Conversational AI: Partner Discovery and Insights
I designed a conversational interface to MutualMarkets’ partnership intelligence system, allowing prospective brands to explore partner recommendations and understand the reasoning behind them before creating an account.
The experience exposes how the platform analyzes brand attributes, generates campaign context, and identifies aligned entertainment partners—making the system’s strategic logic visible before users commit to the product.
Through the Find a Partner experience, users can:
Enter a brand and see how the platform analyzes voice, values, and audience signals.
Review AI-generated brand insights that establish campaign context.
Generate a campaign brief similar to those created inside the platform.
See how brand context informs recommended entertainment partners.
Understand why partners are recommended, not just which partners appear.
Role: Founding Product Designer — defined UX strategy, experience architecture, and platform workflows.
From hidden intelligence to transparent insights.
A system that exposes the platform’s intelligence by analyzing brand inputs and generating explainable partner recommendations.

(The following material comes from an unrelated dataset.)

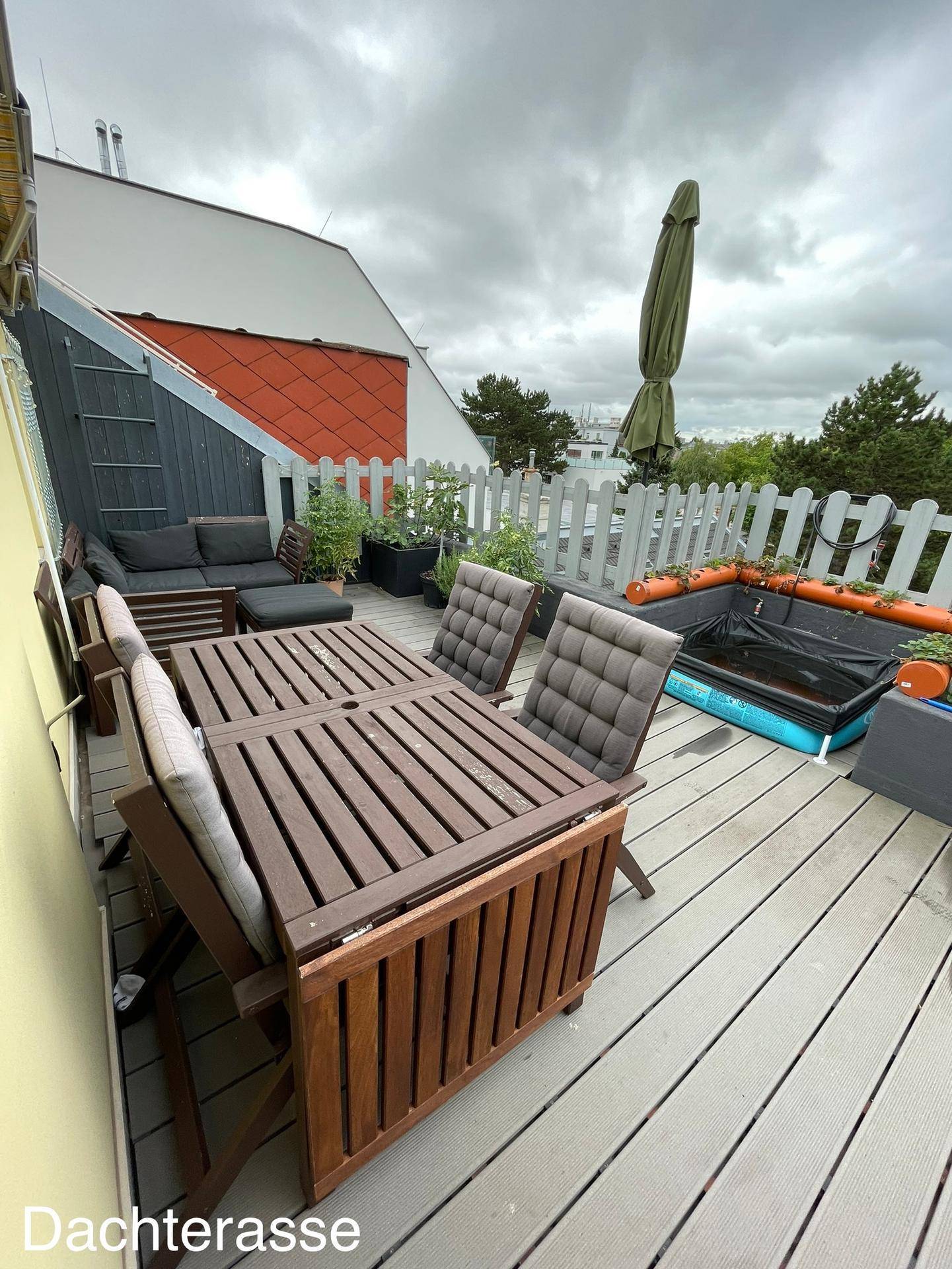 Dachgeschoßwohnung mit folgender Aufteilung: • 3 Grosszügige Schlafzimmer (20m2) • Küche separat mit Esstisch • Wohn-, Esszimmer ( knapp 25m2) • Bad mit Eck-Badewanne inkl. Regendusche, Doppelwaaschbecken, Handtuchwärmer und WC • Gäste WC • 2 Abstellräume • Dachterrasse mit Wasser & Strom Anschluss, sowie 2 Markisen • Im Eigentum ist ein Bereich im Innenhof (ca. 30m2) mit absperrbarer Hütte und Sitzmöglichkeiten inkludiert • sehr gute Parkmöglichkeit direkt vor der Tür

Each stage builds on the last, enabling teams to understand how recommendations are generated, evaluate alignment, and explore opportunities with clarity.
Workflow
Intelligence and recommendation workflow.
→ Brand Input
→ Brand Analysis
→ Signal Processing
→ Partner Matching
→ Explainable Insights
The Problem: Hidden Intelligence and Limited Access
MutualMarkets’ core value was its intelligence layer—the system that analyzed brand attributes, audience alignment, and cultural signals to generate partner recommendations.
However, this intelligence was only accessible inside the platform. Prospective brands had no way to see how recommendations were generated, understand the reasoning behind them, or evaluate potential partnerships before committing.
Without visibility into how the system worked, recommendations felt opaque. Teams could not validate alignment, explore opportunities with confidence, or understand why certain partners were a strong fit.
As a result, trust was limited, adoption was slower, and the platform’s core value was difficult to communicate before onboarding.
My Role
As the founding product designer, I designed the conversational interface that exposes the platform’s intelligence layer to prospective brands.
I defined the experience architecture and interaction model for translating complex system outputs into a clear, interactive conversation. The interface allows users to input brand information, receive tailored partner recommendations, and understand the reasoning behind each recommendation.
I designed workflows that surface brand analysis, audience alignment, and cultural signals in a structured, explainable way, enabling users to see not just which partners are recommended, but why.
By exposing the intelligence layer through a conversational experience, the system transforms opaque recommendations into transparent insights, allowing prospective brands to engage with the platform, explore opportunities, and build confidence before creating an account.
Explore this project in Figma.
To make reviewing a large body of work easier, each prototype includes a guided pointer that walks you through the primary flow. Click to advance at your own pace. Prototypes open in a new window.
How Ashley evaluates the platform before committing.
The conversational AI gives Ashley a hands-on preview of how MutualMarkets analyzes her brand and recommends entertainment partners, allowing her to evaluate opportunities and build confidence before committing to the platform.
With this experience, Ashley can:
• Understand why partners are recommended based on brand and audience alignment.
• Review brand insights and AI-generated campaign briefs grounded in her inputs.
• Explore how changes in brand inputs influence partner recommendations.
• Evaluate potential partners before creating an account.
• Identify campaign opportunities she can share with her team.
Design system components supporting a scalable platform.
These components support interactive prototypes, developer handoff, and consistent implementation across the platform. They are designed for reuse across workflows, enabling faster iteration and scalable implementation.